Hi sorry I should've put this up earlier, I have modified the SEO path aswell I feel the .html is a little outdated and easier to a customer to remember a path like /book than /book.html.

So my first hit was actually https://www.example.com/sdfadsfaf this then gave the result shown in the database as expected.

 

By doing this it also means I can see if there are any people linking to old images on the site   and replaced the image with the companies logo.

 

So on line 49 in the SEO class file I set the extension to null and then adjusted the .htaccess file to:

  RewriteCond %{REQUEST_FILENAME} !-f
  RewriteCond %{REQUEST_FILENAME} !-d
  RewriteCond %{REQUEST_URI} !=/favicon.ico
  RewriteRule ^(.*)?$ ?seo_path=$1 [L,QSA]

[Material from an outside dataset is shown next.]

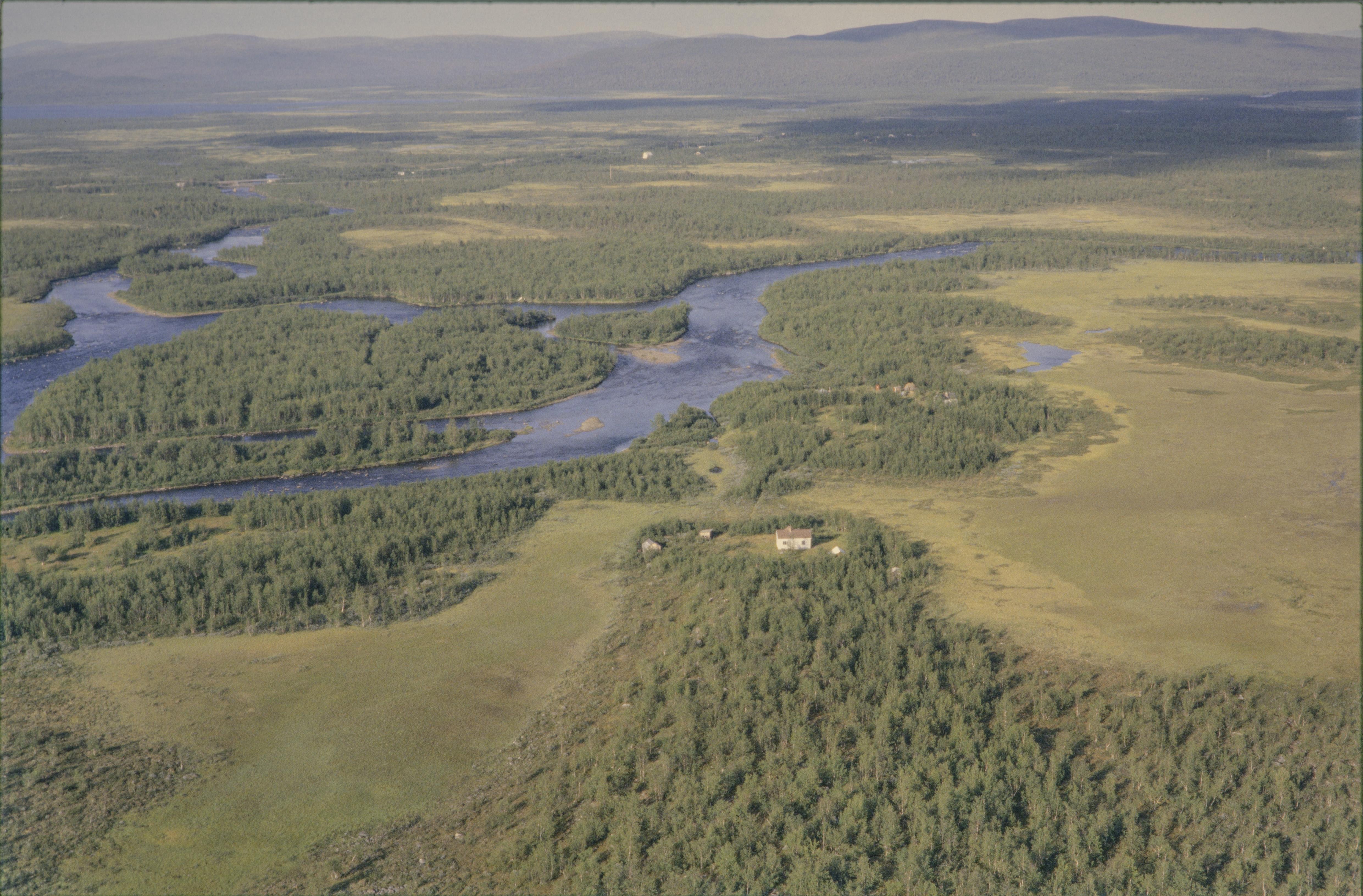 Beskrivning: Västra delen av Rautas (Rávttas) by vid Rautasälven (Rávttaseatnu). Uppe till vänster färdväg RAÄnr Jukkasjärvi 2654 vid järnvägen Ofotbanen (Ofotbanan / Malmbanan). Området ingår i Gabna sameby och Rautas fjällurskogs naturreservat. Bilden är tagen mot (väderstreck): NO

This also removes index.php, I tested extensively as this is a live site and after 2 hours gave up trying to break it. 

I think that line 542 in the functions php file should respect this variable also to save adjustment from multiple places.

 

I did think about this at line 240, doing a global search for the string $GLOBALS['seo']->getItem( I could only see this used in the controller.index.php so really I should leave that code as is.

If an empty path is used this wouldn't be from a user input as that is always caught, as the path is always present.

 

I understand what you mean so thinks for that.

 

It would be nice to see this in the future as part of the core code of CubeCart, with options in the admin settings to disable the .html and enable 404 catching with a 301 redirect. This would really help with the SEO.

 

When I installed CubeCart you can see the drop in queries as I had no insight to what was out there, I tried some backlink checks but still missed a few key links, also the existing site died after the webhost upgrade to PHP 5.4 the shop the customer had was too old to support this version so had no time to spend into researching the existing links just had to get it done. Which is always bad a redesign can seriously affect your page ranking.

 

Here is the graph from Google webmaster tools to show you what happened in this case, the drop is when it went belly up and after I installed CubeCart, the increase which is only within 24 hours! Is after I implemented my code and closely started managing the 404s.

 

 

 

Now the next thing on my tick list is to do the microdata for the products pages.

 

Thanks for your help it is nice to have a good support when using a product and I will be recommending CubeCart to a few other my other customers.

[Dirty Butter]

I tried unsuccessfully to add the google microdata to the products page on a Blueprint site. I will be very interested to see what you manage with this.

[Hicens]

Will be more than happy to update the forum with my findings and work.

I will do so as a new post.

You said "products" page, I guess you mean the product page as microdata will not work on a category page the schema for product can only appear once on a page, from memory.

[Dirty Butter]

I misspoke - yes - the single product page.